Epoll vs. io_uring in Linux (sibexi.co)
224 points by Sibexico 18 hours ago
toast0 16 hours ago
> But my students weren’t as happy as I was - they wanted to build something genuinely useful, and they were really disappointed that our “product” had strong architectural limits and couldn’t outperform titans like nginx and haproxy.
I took a (very brief) look at the github repo [1], it doesn't look like you're doing anything with cpu pinning.
You can probably eke (thanks) out a bit more performance if you cpu pin your threads and cpu pin your listen sockets (sockopt SO_INCOMING_CPU).
If you also cpu align your outgoing sockets, you should get a significant boost, but afaik, there's no great api for that. Linux does have an api for compatible NICs (traffic steering/flow steering) which can work, but if you know what hash your NIC uses (it's probably toeplitz) and you manage source port selection to your backend, you can pick ports that will hash properly.

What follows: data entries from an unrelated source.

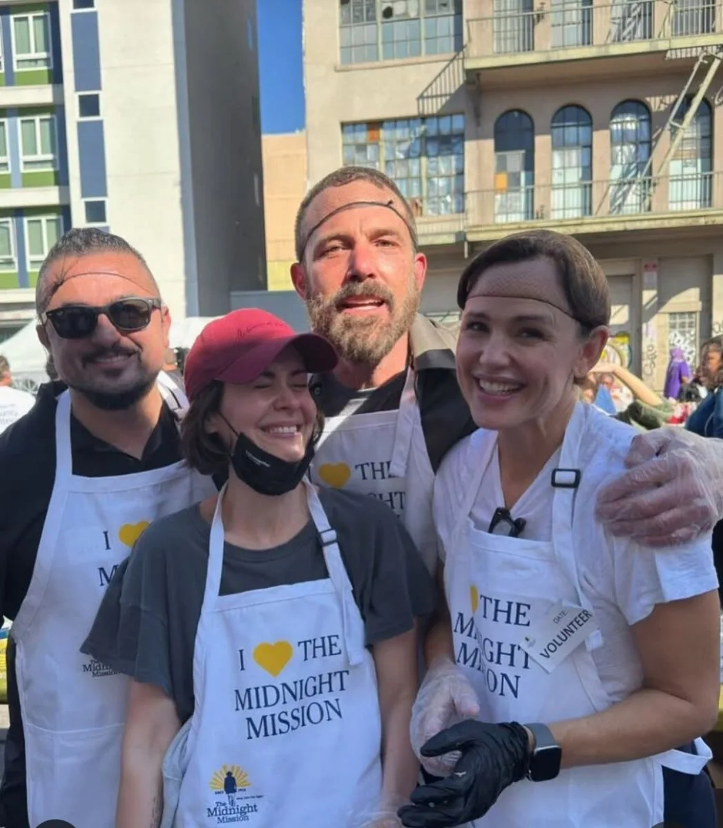 Ο ηθοποιός του Gone Girl και η ηθοποιός του 13 Going on 30, και οι δύο 52 ετών, χώρισαν το 2015 μετά από δέκα χρόνια γάμου. Έχουν τρία παιδιά: τη Violet, 18, τη Seraphina, 15 και τον Samuel, 12. Για την πρώτη Ημέρα των Ευχαριστιών ο ηθοποιός Ben Affleck συναντήθηκε με την πρώτη πρώην σύζυγό του Jennifer Garner για να παρευρεθεί σε μια φιλανθρωπική εκδήλωση με τα παιδιά τους. Το πρώην ζευγάρι φόρεσε δίχτυα στο κεφάλι και ποδιές για να βοηθήσει την οργάνωση The Midnight Mission ετοιμάζοντας χιλιάδες δωρεάν γεύματα στην κοινότητα των αστέγων στην περιοχή Skid Row την Ημέρα των Ευχαριστιών. Μαζί τους ήταν και η Sarah Paulson.
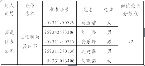 根据笔试成绩由高到低,按照1:5的比例,确定参加面试的考生名单(按姓氏笔画排序):
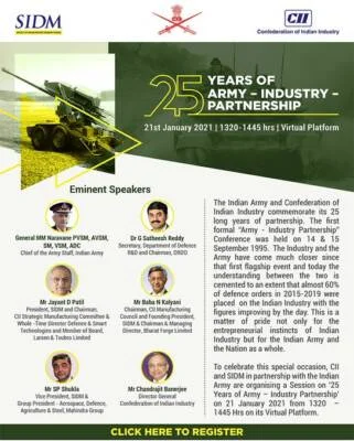 To mark the occasion, an MoU between the Indian Army and SIDM was inked to provide further impetus to indigenisation under the ‘Atmanirbhar Bharat’ and to achieve strategic independence by reducing dependence on foreign origin equipment. This MoU was signed on the occasion of 25 Years of Army-Industry Partnership with Confederation of Indian Industry (CII). Collaboration between the Indian Army and industry started in 1995 with the indigenisation of spares and has progressed to major defence platforms and a wide range of weapons and equipment.
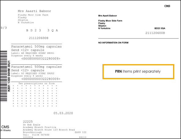 PRN Box - Remove the tick from the PRN box to print/send PRN drugs on the same prescription as non-PRN items
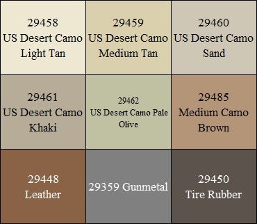 - Includes foundational shades such as US Desert Camo Sand and US Desert Camo Khaki plus supporting tans, browns, and olives.
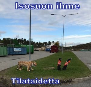Kuvan tilataideteos on Isosuon kaatopaikalta. Se on muistomerkki hyvästä yhteistyöstä, nimittäin kaatopaikka perustettiin aikoinaan kolmen kunnan Raision, Maskun ja Naantaliin yhteishankkeena. Kustannuksia säästettiin ja toimintaa tehostettiin. Nyt isosuo toimii Turun…
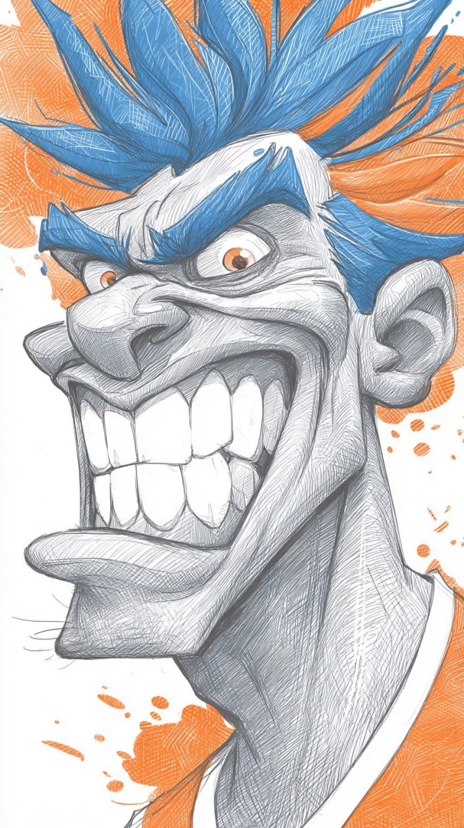 Этот персонаж мультфильма предстает перед нами в гротескном стиле карикатуры – его лицо искажено нарочитой ухмылкой, демонстрирующей острые как бритва зубы. Беспорядочная масса синих и белых волос добавляет образу эксцентричности и некоторой безумности. Выражение лица персонажа одновременно пугает и завораживает, создавая ощущение непредсказуемости и скрытой силы. Простое однотонное оформление фона позволяет полностью сосредоточиться на деталях самого героя, подчеркивая его необычную внешность и передавая атмосферу тревожности или даже комического ужаса. Художник намеренно использует преувеличенные черты лица и деформированные пропорции, чтобы создать яркий запоминающийся образ, который вызывает смешанные чувства – от легкой улыбки до непроизвольной дрожи. Кажется, будто этот персонаж вышел прямо из кошмарного сна или сказочного мира, где действуют свои собственные странные правила. Его гротескная внешность заставляет задуматься о природе красоты и уродства, о границах нормы и отклонения. Это не просто рисунок – это визуальная метафора, отражающая внутренний мир персонажа или же высмеивающая общепринятые стандарты. Изображение вызывает бурю эмоций и заставляет зрителя внимательно рассмотреть каждую деталь этого причудливого создания. В целом, работа производит сильное впечатление благодаря своей оригинальности и мастерскому исполнению в выбранном стиле

The goal is for your proxy to be able to handle packets without any cross cpu communication.
Sibexico 15 hours ago
Basically, v0 and v1 of the repo is completely different implementations, written almost from scratch. Now working on the 3rd one implementation, I believe the last one. :) Completely different architectural choices was made.
toast0 12 hours ago
If it's still running on more than a single core, and your students want it to go faster, aligning the work to cpus will almost certainly be useful.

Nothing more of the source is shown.